Flowchart of data collection and processing. Polysomnography (PSG) and continuous positive airway pressure (CPAP) titration data were collected from 374 patients with each recording lasting approximately 6 h. Heart rate variability (HRV) was extracted and analyzed from EKG signals, with continuous HRV features calculated using a 60-s window and a 1-s stride. Next, time series data were generated with a 60-s window and stride. To ensure data accuracy, 60-s intervals where the heart rate exceeded 90 or fell below 40 beats per minute were adjusted by interpolating with neighboring data. Finally, data were labeled according to whether there was a pressure level adjustment.

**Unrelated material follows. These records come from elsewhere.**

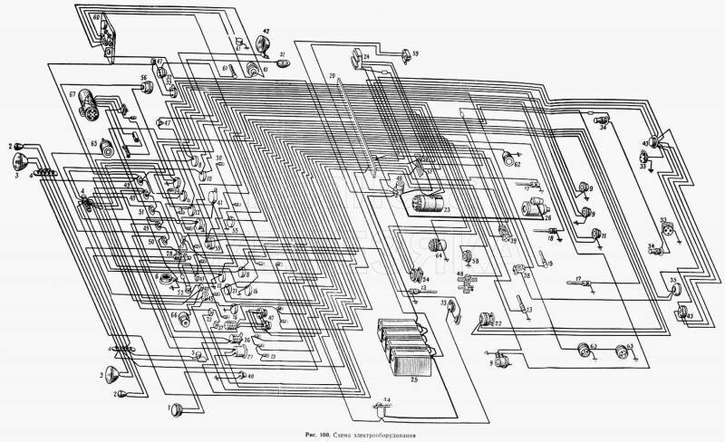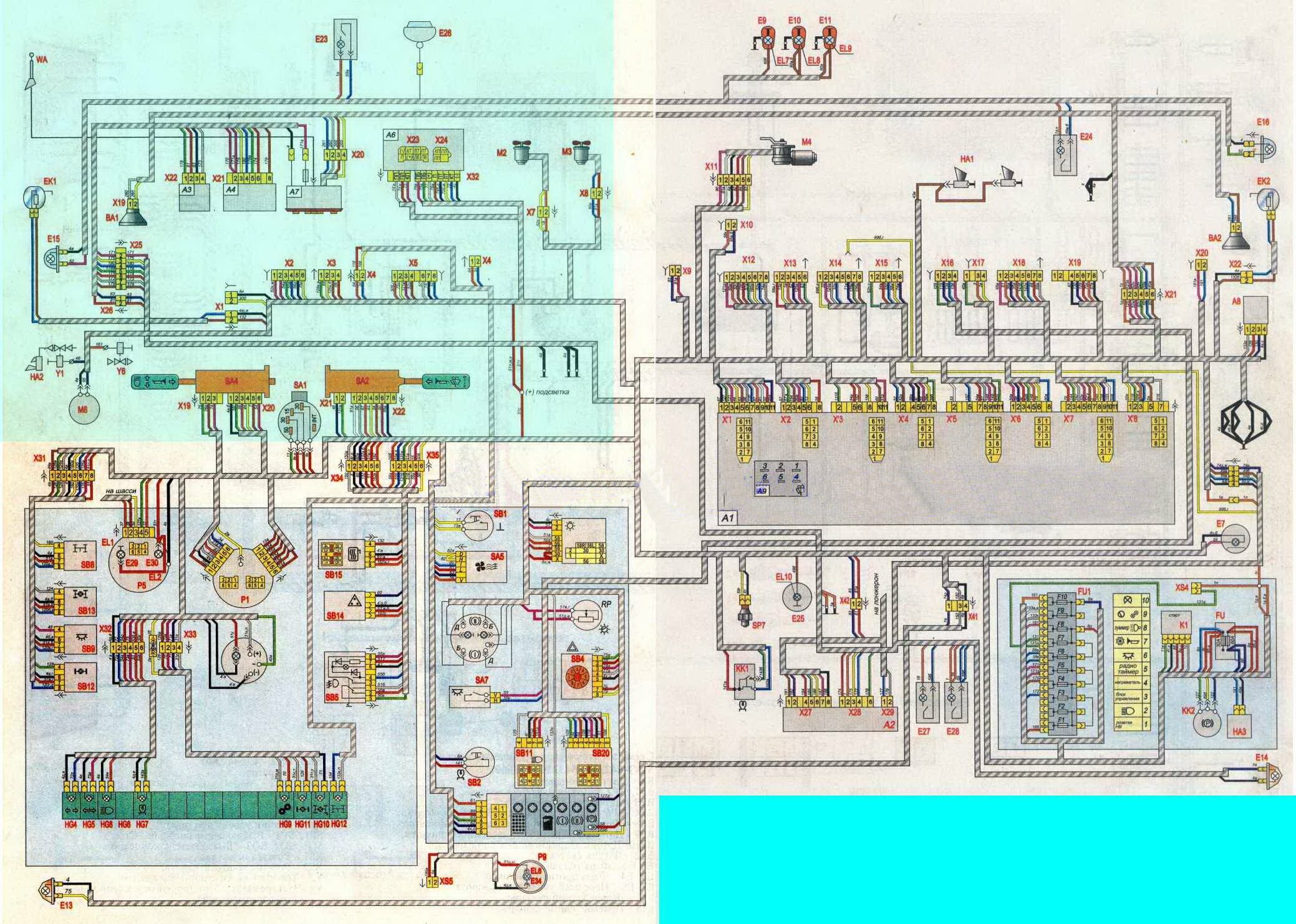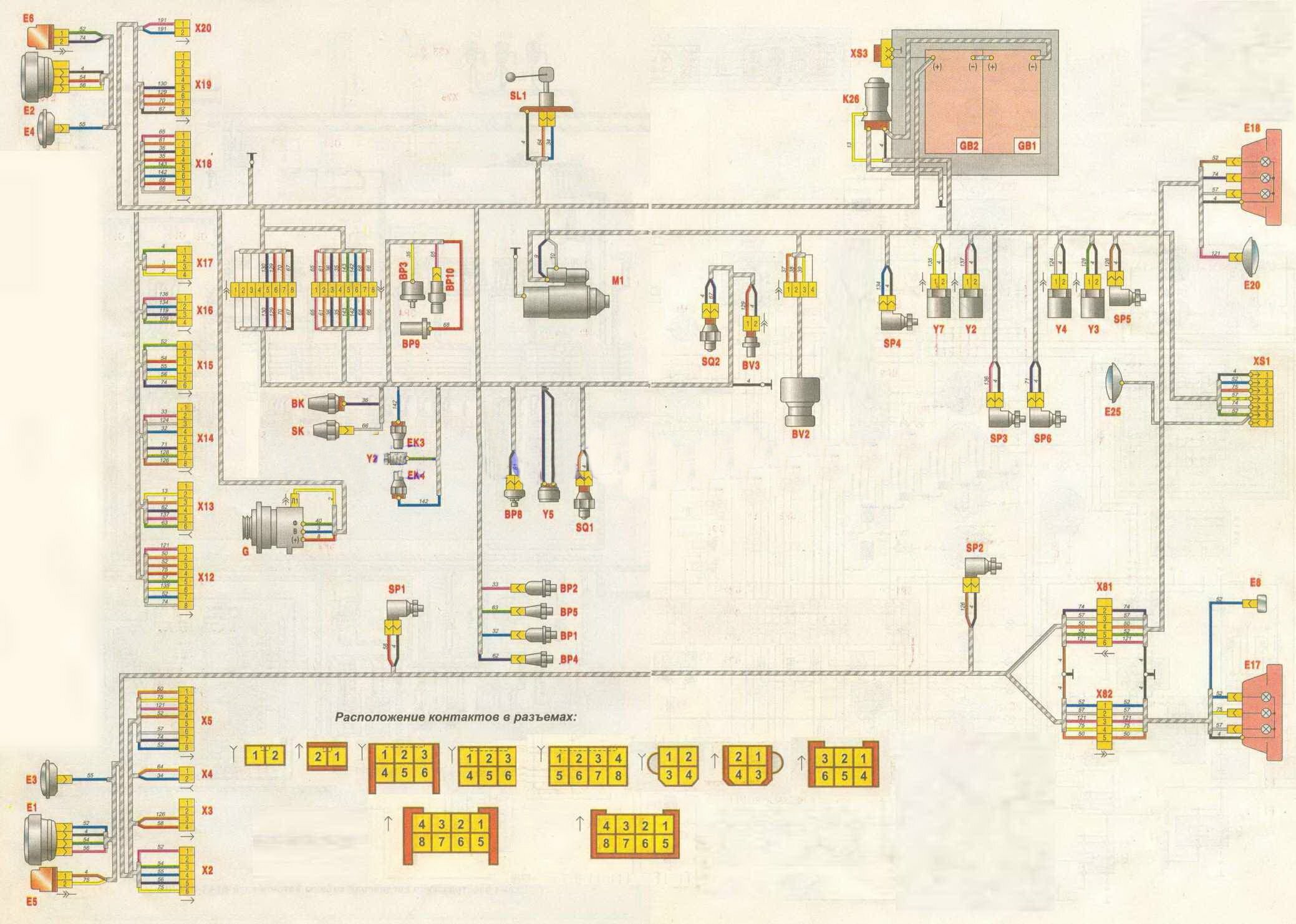 Al — Блок предохранителей и реле, A3 — Прерыватель стеклоочистителя, А6 — Прерыватель указателя поборота, А7 — Магнитола, А8 — Реле блокировки демультипликатора, BAI, BA2— Громкоговоритель, ВК — Датчик температуры, ВР1.ВР2 — Датчик давления воздуха, ВРЗ — Датчик давления масла, ВР4.ВР5 — Датчик аварийного давления воздуха, BPI0 — Датчик аварийного давления масла, BV2 — Датчик спидометра, BV3 — Датчик скорости, ЕКЗ,ЕК4 -Свеча ЭФУ, Е1,Е2 — Фара головная, ЕЗ,Е4 — Фара противотуманная, Е5,Е6 — Передний фонарь, Е7 — Фонарь, Е8 — Фонарь номерного знака, Е9...Е11 — Фонарь знака автопоезда, EI2 — Фонарь подкузовной, Е13,Е14 — Боковой указатель поворотов, EI5.EI6 — Фонарь габаритный, Е17,Е18 — Задний фонарь, Е20 — Фонарь заднего хода, Е23.Е24 — Плафон освещения кабины, Е25 — Плафон освещения двигателя, Е26 — Фара — прожектор, Е28,Е27 — Плафон освещения спального места, ЕК1,ЕК2 — Фонарь освещения стеллажей, ЕЗО — Нагреватель зеркал, EL1...EL6 — Лампа подсветки приборов, FU1 — Предохранитель 60 А, FU2 — Предохранитель 30 А, FU3—FU9 — Предохранитель 8 А, FU11 — Предохранитель 16 А, G — Генератор, GBl, GB2 — Аккумуляторная батарея 6СТ I90A, НА 1 — Комплект электрических сигналов, НА2 — Сигнал пневматический, КК1 — Добавочное сопротивление, КК2 — Прерыватель контрольной лампы стояночного тормоза, К1 — Реле стартера, Ml — Стартер, М2, МЗ — Электродвигатель отопителя, М4 — Моторедуктор стеклоочистителя, М8 — Электродвигатель омывателя, РР — Комбинация приборов, Р2 — Тахометр, PS —Спидометр, RP — Реостат подсветки, XSl — Розетка основная, XS3 — Розетка, XS4 — Розетка переносной лампы в кабине, XS5, XS6 — Розетка, WA — Антена, SA1 — Выключатель стартера, SA2 — Переключатель стеклоочистителя, SA3 — Переключатель света главный, SA4 — Переключатель указателей поворота, SA5 — Переключатель отопителя, SA7 — Выключатель фонаря, SA8 — Выключатель плафона, SB1, SB3 — Выключатель кнопочный, SB4 — Выключатель аварийной сигнализации, SA9 — Выключатель клапана гидроотбора, Кнопочные выключатели с подсветкой: SB5 — Противотуманных фар, SB8 — Выключатель нейтрали, SB9 — Плафона освещения двигателя, SB11 — Фара—искателя, SB12 — Межколесного дифференциала, SB13 — Межосевого дифференциала, SB 14 — Фонарей автопоезда, SB 15 — Подогрева зеркал, SB20 — Освещения стеллажей, SK — Датчик аварийной температуры, SLI — Датчик уровня топлива, SP1.SP6 — Выключатель сигналов «стоп», SP7 — Выключатель, SQ1, SQ2 — Выключатель.
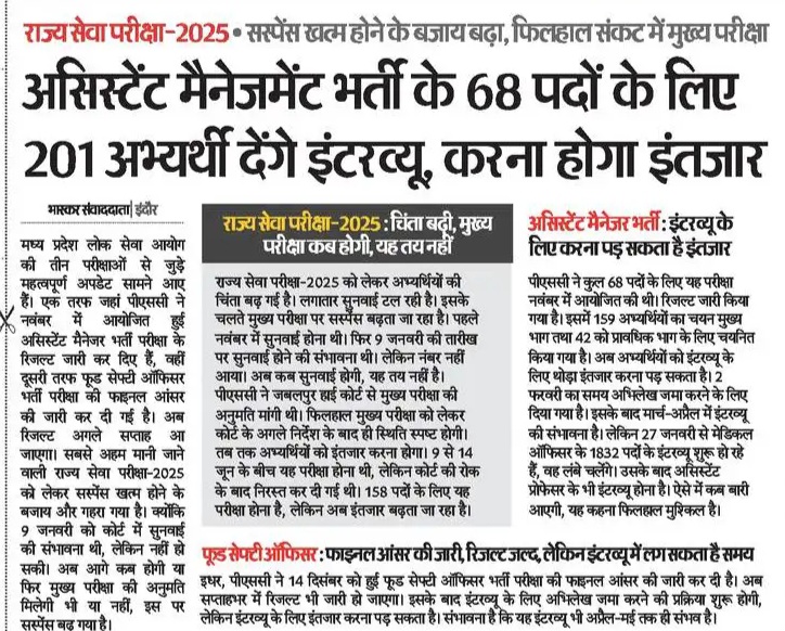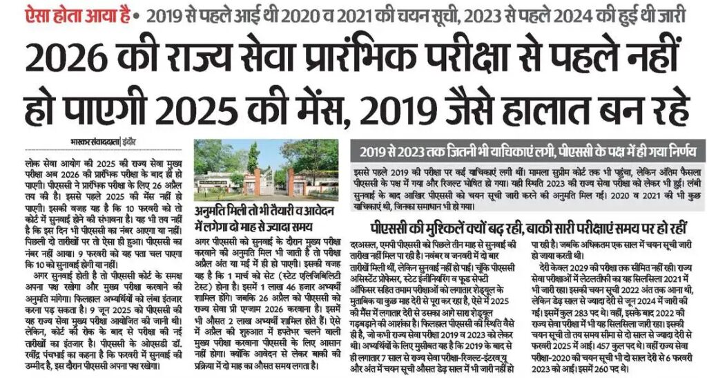 26 अप्रैल को होने जा रही राज्य सेवा प्रारंभिक परीक्षा -2026 से एमपी पीएससी थ्री लेयर सिक्योरिटी सिस्टम लागू करने जा रहा है। इसकी तैयारी शुरू हो गई है। इसके बाद सभी परीक्षाओं में यही सिस्टम लागू होगा। यूपीएससी इस सिस्टम को पहले ही लागू कर चुका है। लगभग उसी तर्ज पर पीएससी भी थ्री लेयर सिक्योरिटी सिस्टम लाने जा रहा है।
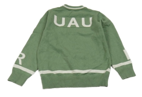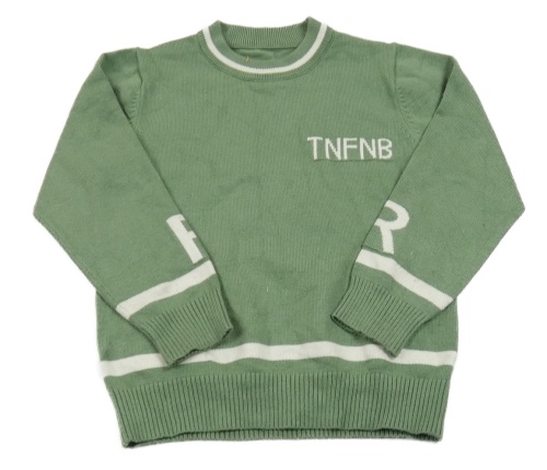 Zelený lehký svetr s bílým pruhem a nápisem
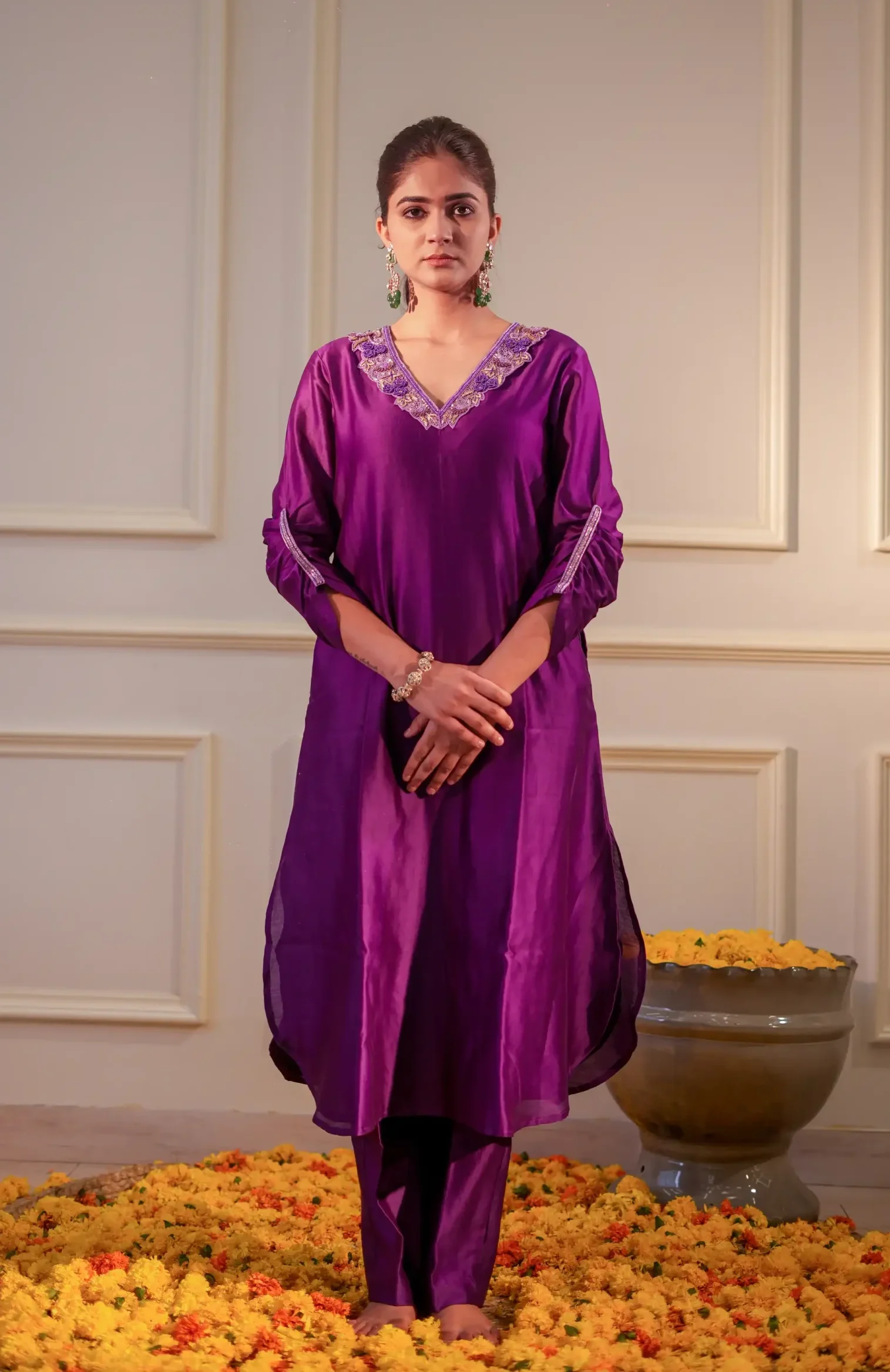 Purple Embroidered Chanderi Silk Kurta Set with Gathered Sleeves and Pants
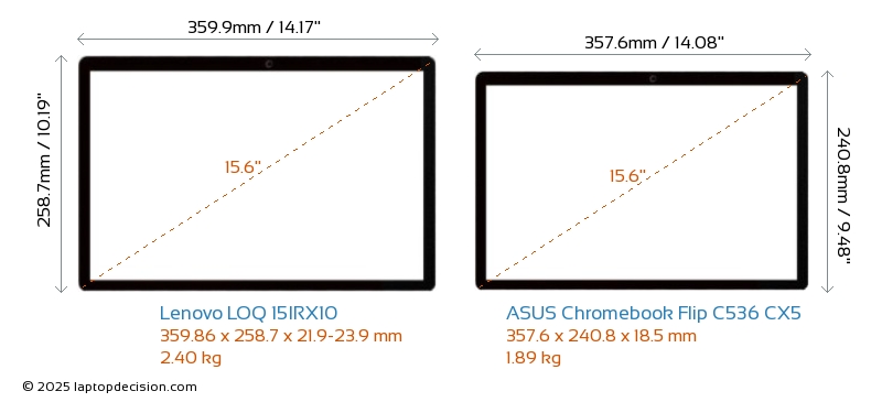 USBBoth LOQ 15IRX10 and Chromebook Flip C536 CX5 have USB-A ports. LOQ 15IRX10 has 3x USB 3.2 USB-A ports, while Chromebook Flip C536 CX5 has 1x USB 3.2 USB-A ports.Both LOQ 15IRX10 and Chromebook Flip C536 CX5 have USB Type-C ports. LOQ 15IRX10 has 1x USB 3.2 USB Type-C ports, while Chromebook Flip C536 CX5 has 2x USB 3.2 USB Type-C ports.
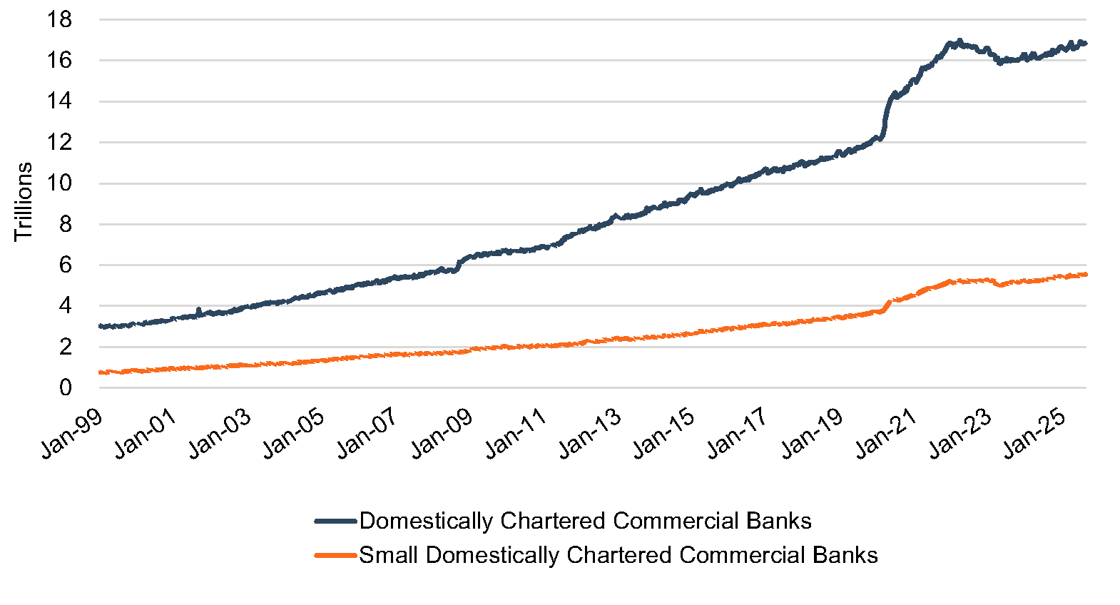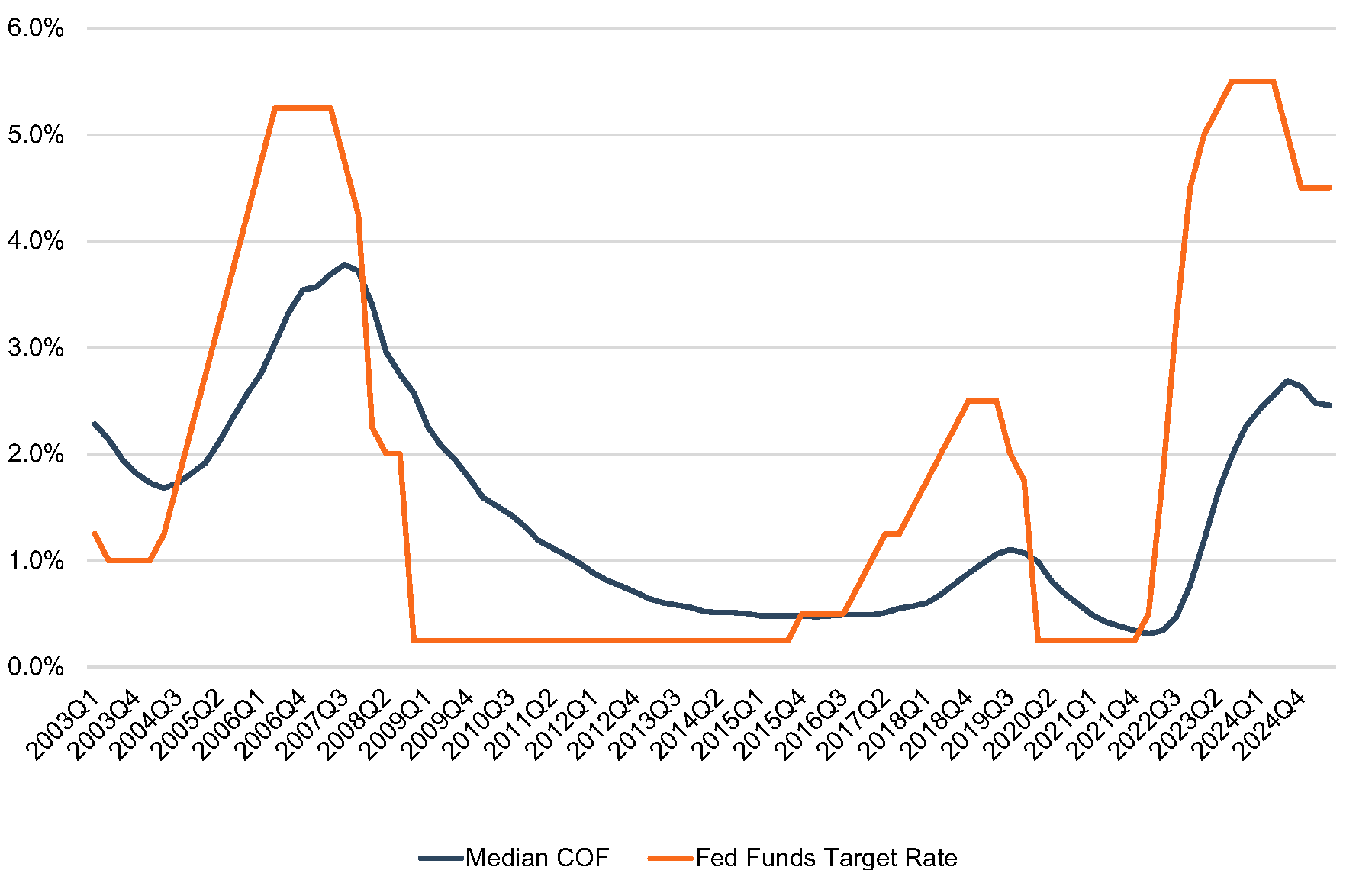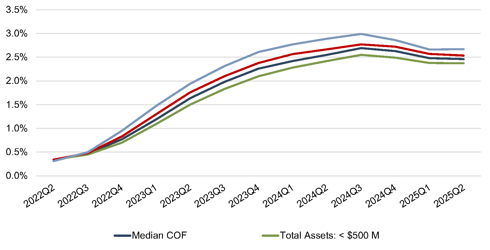 While many factors are pertinent to analyzing a deposit base, a significant driver of value is market interest rates. All else equal, lower market rates lead to lower core deposit values. In its September 2024 meeting, the Federal Reserve reduced the target federal funds rate by 50 basis points. This was the first downward adjustment since the FOMC began increasing rates in March 2022. In its third and fourth quarter 2024 meetings, the Federal Reserve reduced the target federal funds rate by 25 basis points at each meeting. After several quarters of steady rates, an additional 25 basis point reduction occurred in the September 2025 meeting. These cuts left the benchmark federal funds rate in a range between 4.00% and 4.25%.
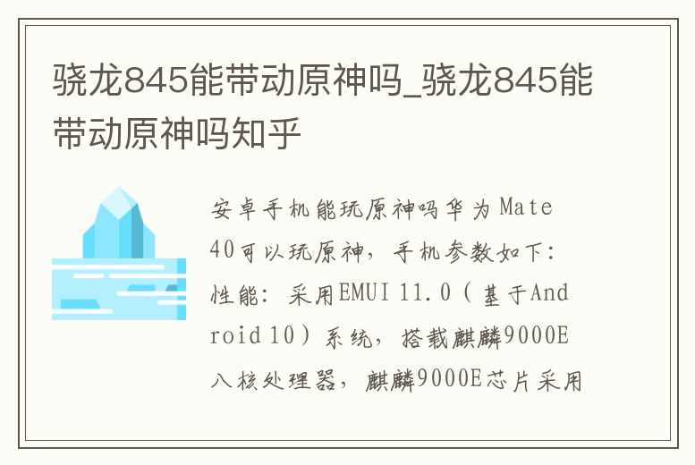 題主是否想詢問“麒麟845帶得動原神嗎”?能帶動。原神手機配置的要求有安卓移動設備:處理器為驍龍84麒麟980及以上,正好達到標準,是可以帶動原神游戲的。
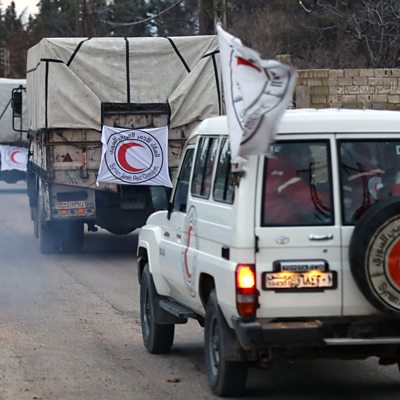 A besieged resident of Madaya on Syrian aid; blood cancer breakthrough; Eagles of Death Metal return to Paris. (Photo: Vehicles from the Syrian Arab Red Crescent drive in a convoy to Madaya. Credit: AFP /LOUAI BESHARALOUAI BESHARA/AFP/Getty Images)

ML approaches and model selection
This study established models using open-source Python libraries: PyTorch (version 1.13.1), tsai (version 0.3.4), fastai (version 2.7.9), and scikit-learn (version 1.1.2). Seven types of models were established, including cross-sectional models of logistic regression (LR), k-nearest neighbor (kNN), support vector machine (SVM), random forest (RF), and gradient boosting machine (GBM); and time-series models of long short-term memory (LSTM) and InceptionTime. Figure 2 depicts the flowchart for training, validating, and testing the models on a patient-independent dataset. The total data were initially split into training/validation datasets and test datasets using the patient-independent method with a ratio of 80:20. Since it was an imbalanced dataset, an over-sampling technique—Synthetic Minority Oversampling Technique—was applied to balance the data only in the training process. 28

Training and testing processes in the development of prediction models for pressure level adjustment during continuous positive airway pressure (CPAP) titration using a patient-independent dataset. Total data from 374 patients were labeled as having pressure level adjustment or not having pressure level adjustment during CPAP titration. Time-series data were divided into a patient-independent training dataset and a test dataset with a ratio of 80%:20%. The Synthetic Minority Oversampling Technique (SMOTE) was first applied to the training dataset to oversample the data with a ratio of 4.36. Ten-fold cross-validation was performed. Trained models included logistic regression (LR), k-nearest neighbor (kNN), support vector machine (SVM), random forest (RF), gradient boosting machine (GBM), long short-term memory (LSTM), and InceptionTime. The best model was selected by both the highest accuracy and the largest area under the receiver operating characteristic curve (AUROC) and used for testing. Finally, the model performance and the permutation feature importance were evaluated.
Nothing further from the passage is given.